Sometimes we would sneak into the factory after it had closed. There was something exciting about that; I remember feeling a charge, a sense of exhilaration as we chased one another through the rows of dormant machinery. Our footfalls echoed of off the machines’ polished steel before their frantic clatter was captured by brick.
Even then, I knew the factory quite well; but she knew it better. She would duck into some corridor or tiny crawl space, stifling her breath and later her laughter as I ran blindly amongst the factory’s lonesome steel. Over and over, I called her name, with increased urgency as the night wore on; seldom did she choose to reply.
There were nights when she refused to give herself up no matter how loudly I screamed. She snuck silently out the door, into the night and home to bed where I’d find her several hours later, a grin fixed upon her sleeping face, mocking my worry. Though I was relieved to see her buried in linen, I hated her, but by morning my hatred had inevitably dissipated.
She was a mystery to me for as long as I knew her, revealing herself in fits and false starts. The things she chose to reveal were often nothing more than fabrications, lies that rose up, introduced themselves, and ultimately disappeared into the dark depths of whatever textile or stone that lay near.
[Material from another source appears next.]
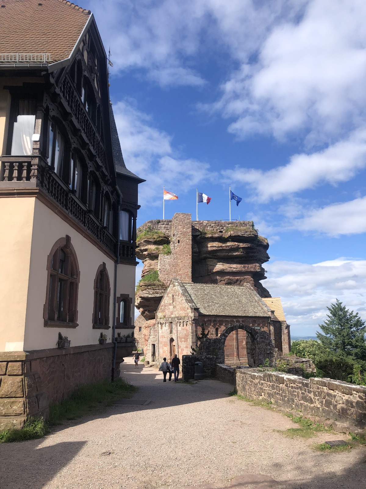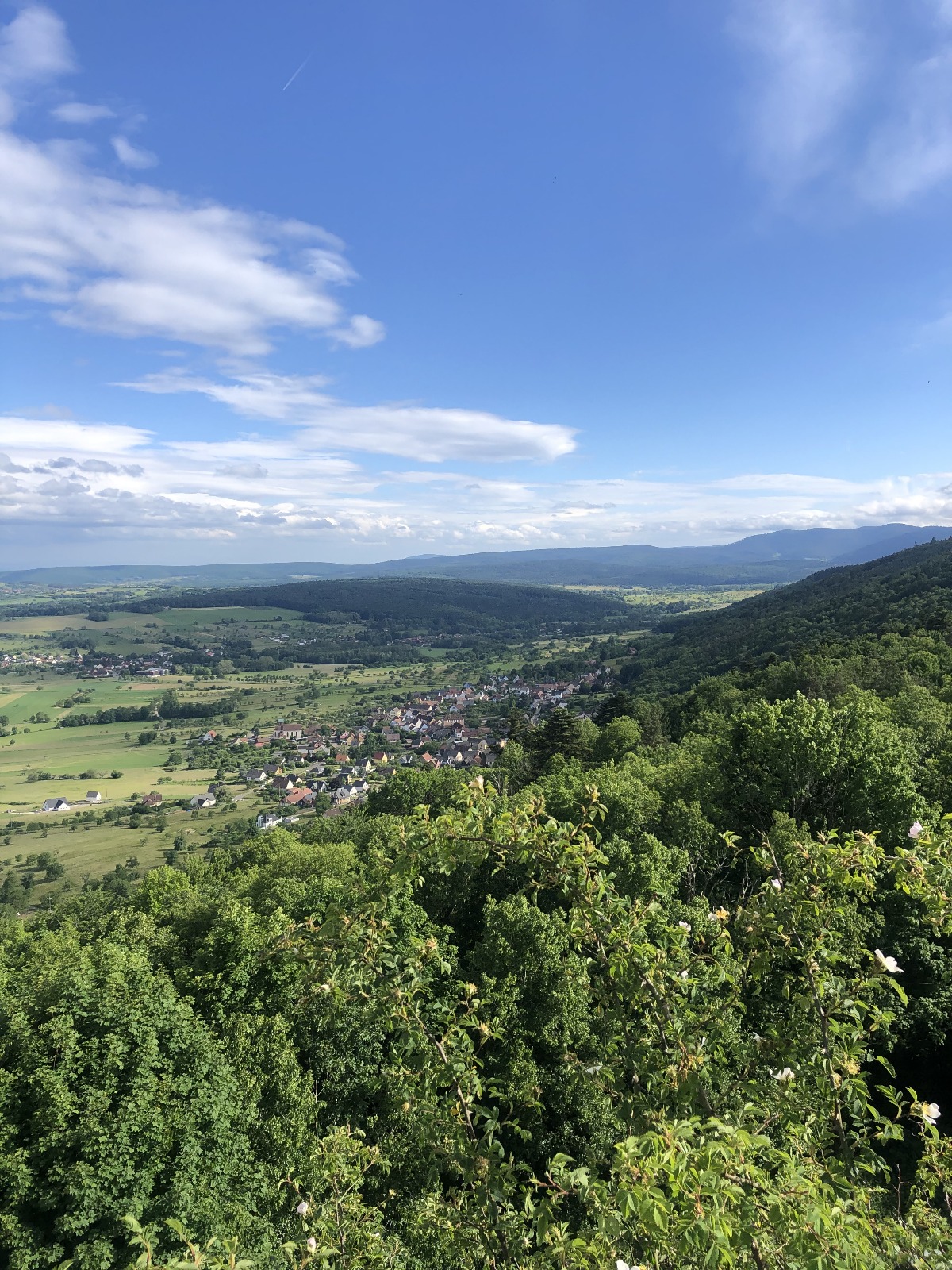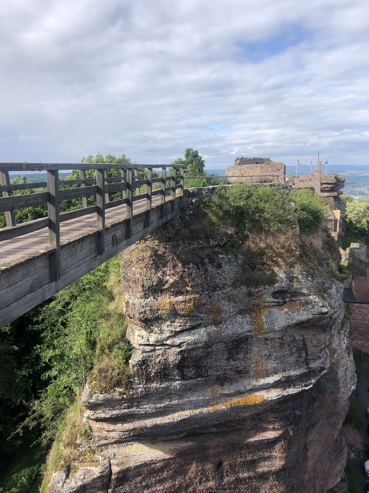 Comme son nom l’indique, le restaurant « Là-Haut » se situe en altitude, et plus précisément à 450 mètres sur les hauteurs de Saverne. Implanté au cœur du Château du Haut-Barr, il propose aux touristes comme aux locaux venus visiter les ruines médiévales une jolie pause gourmande. Alors avant de passer à table, n’hésitez pas à vous promener au sein de l’édifice, également appelé « l’œil de l’Alsace ». Il doit ce surnom au panorama incroyable qu’il offre sur la plaine d’Alsace, les Vosges, la Forêt Noire, et même, par temps dégagé, sur la Cathédrale de Strasbourg ! Le Château du Haut-Barr est en effet juché sur trois grands rochers. Pour atteindre le point culminant du site, il vous faudra gravir l’escalier en métal à l’arrière du restaurant, et traverser une passerelle en bois appelée « Pont du Diable ». Mon conseil si vous êtes sujet au vertige : respirez profondément, regardez droit devant vous et, une fois arrivé à destination : profitez ! La vue y est exceptionnelle.

She told me she was born in Edmonton. She described in detail the hospital where she came into the world as she supposedly revisited the place in her early teens when a first attempt at drinking turned into a stomach pump. She described the nurses and even the patterns of tile in such vivid detail that I was unable to merely entertain the thought that it wasn’t true. I found out later she was born here, not too far from where I grew up; that one especially cut to the quick.
When I called her on it she paused before laughing, saying something like, “Well, you didn’t really believe that, did you? Of course I was born here!” She then went onto something else… can’t remember what, but I’m sure it was equally as captivating, equally as deceitful as the rest of those stories.
She lied about trivial things as well. When I first met her, all she talked about was oysters. She talked about the texture of the things, she claimed to use her tongue to grind them against the roof of her mouth until they’d been pulverized enough to warrant a thin swallow; she claimed never to have used her teeth when eating them. She spoke of preparing their beds, whole underlays of ice on which to rest just a few tiny shells when she had the money to have them shipped in. Though I never liked seafood, I found myself craving it after listening to her lengthy praises.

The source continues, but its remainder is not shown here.